Bilder: Matthias Bauer (2005)

Albert Peter Adam Florath

 

Deutscher Schauspieler; erwarb, bevor er Schauspielunterricht nahm, erste Bühnenerfahrungen in einer Laienspielgruppe. Freiwilliger im Ersten Weltkrieg, diente er im Königlich Bayerischen Infanterie-Leibregiment. Nach Ende des Krieges war er kurzzeitig Abgeordneter der SPD in der Bayerischen Nationalversammlung. 1920 ging er nach Berlin und wirkte als Schauspieler, Regisseur und Dramaturg am dortigen Staatstheater. Bereits zu Stummfilmzeiten trat er in Filmen in Erscheinung (Danton, 1921), sein Durchbruch kam jedoch erst in den 1930er Jahren mit dem Tonfilm. Hier wirkte er in zahllosen Produktionen, auch Propagandafilmen, mit; Florath, der 1938 zum Staatsschauspieler ernannt worden war, drehte auch nach dem Ende der Nazi-Herrschaft in Westdeutschland Filme, darunter in dem nach Wolfgang Borcherts Drama Draußen vor der Tür entstandenen Film Liebe 47 (1949), aber auch im Genre des Heimatfilms. angesiedelte Kinofilme.
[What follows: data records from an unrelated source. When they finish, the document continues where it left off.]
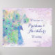 Señal de bienvenida del boda de pavo real floral Pastel lilac.
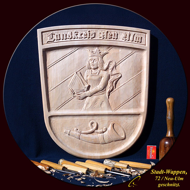 Landkreis Wappen Neu Ulm - 72 - geschnitzt, naturbelassen.
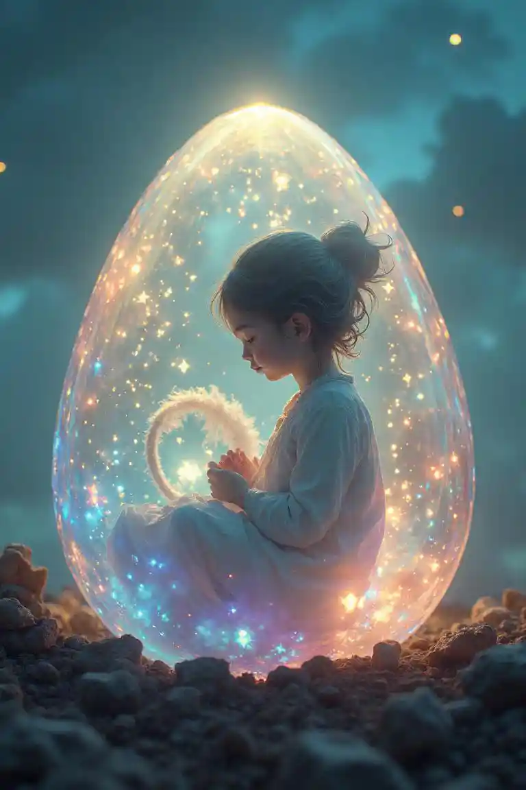 Une fille aux yeux cernés, à la queue bouclée et à la position fœtale. A l'intérieur se trouve un énorme oeuf de cristal holographique transparent. Rayonnante. Tombé du ciel
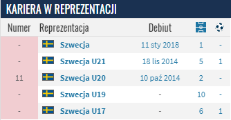 25-latek w przeszłości występował również w młodzieżowych reprezentacji. W seniorskiej kadrze Trzech Koron zadebiutował w styczniu 2018 roku. Oto jego statystyki z poszczególnych szczebli reprezentacji:
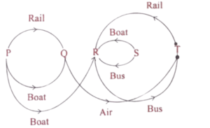 Five cities P, Q, R, S and T are connected by different modes of transport as follows:
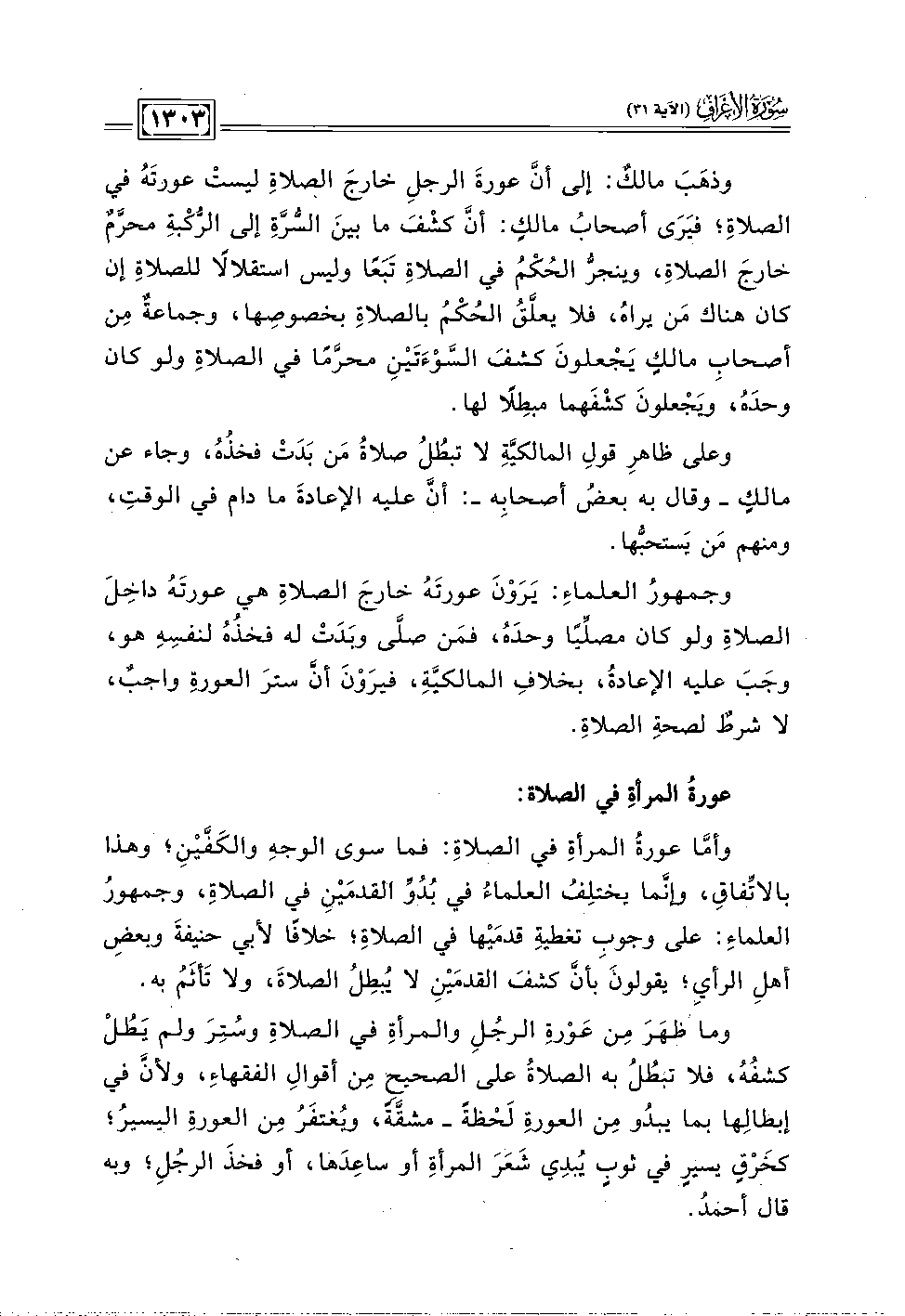 وذهَبَ مالكٌ إلى أنَّ عورةَ الرجلِ خارجَ الصلاةِ ليستْ عورتَهُ في الصلاةِ؛ فيَرَى أصحابُ مالكٍ: أنَّ كشفَ ما بينَ السُّرَّةِ إلى الرُّكْبةِ محرَّمٌ خارجَ الصلاة، وينجرُّ الحُكْمُ في الصلاةِ تَبَعًا وليس استقلالًا للصلاةِ إن كان هناك مَن يراهُ، فلا يعلَّقُ الحُكْمُ بالصلاةِ بخصوصِها، وجماعةٌ مِن أصحابِ مالكٍ يَجْعَلونَ كشفَ السَّوْءَتَينِ محرَّمًا في الصلاةِ ولو كان وحدَهُ، ويَجْعلونَ كشْفَهما مبطِلًا لها.
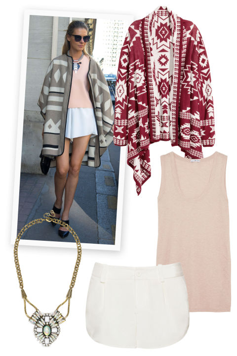 Овие три волуменозни парчиња се многу лесни за носење, полесни и отколку што си замислувате. Трикот се состои во комбинирање на широки мини шорцеви со широка блуза под пончо. За да го избалансирате овој ризичен изглед, истакнете ги нозете.

Filme u.a.: Berlin-Alexanderplatz; Der Hauptmann von Köpenick (beide 1931), Kirschen in Nachbars Garten (1935), Capriolen (1937), Fünf Millionen suchen einen Erben (1938) Die Rothschilds; Jud Süß (alle 1940), Friedrich Schiller (1940), Ich klage an (1941), Immensee; Die Feuerzangenbowle (beide 1943), Junge Adler (1944), Das Haus in Monevideo (1951), Keine Angst vor großen Tieren (1953), Tierarzt Dr. Vlimmen (1956).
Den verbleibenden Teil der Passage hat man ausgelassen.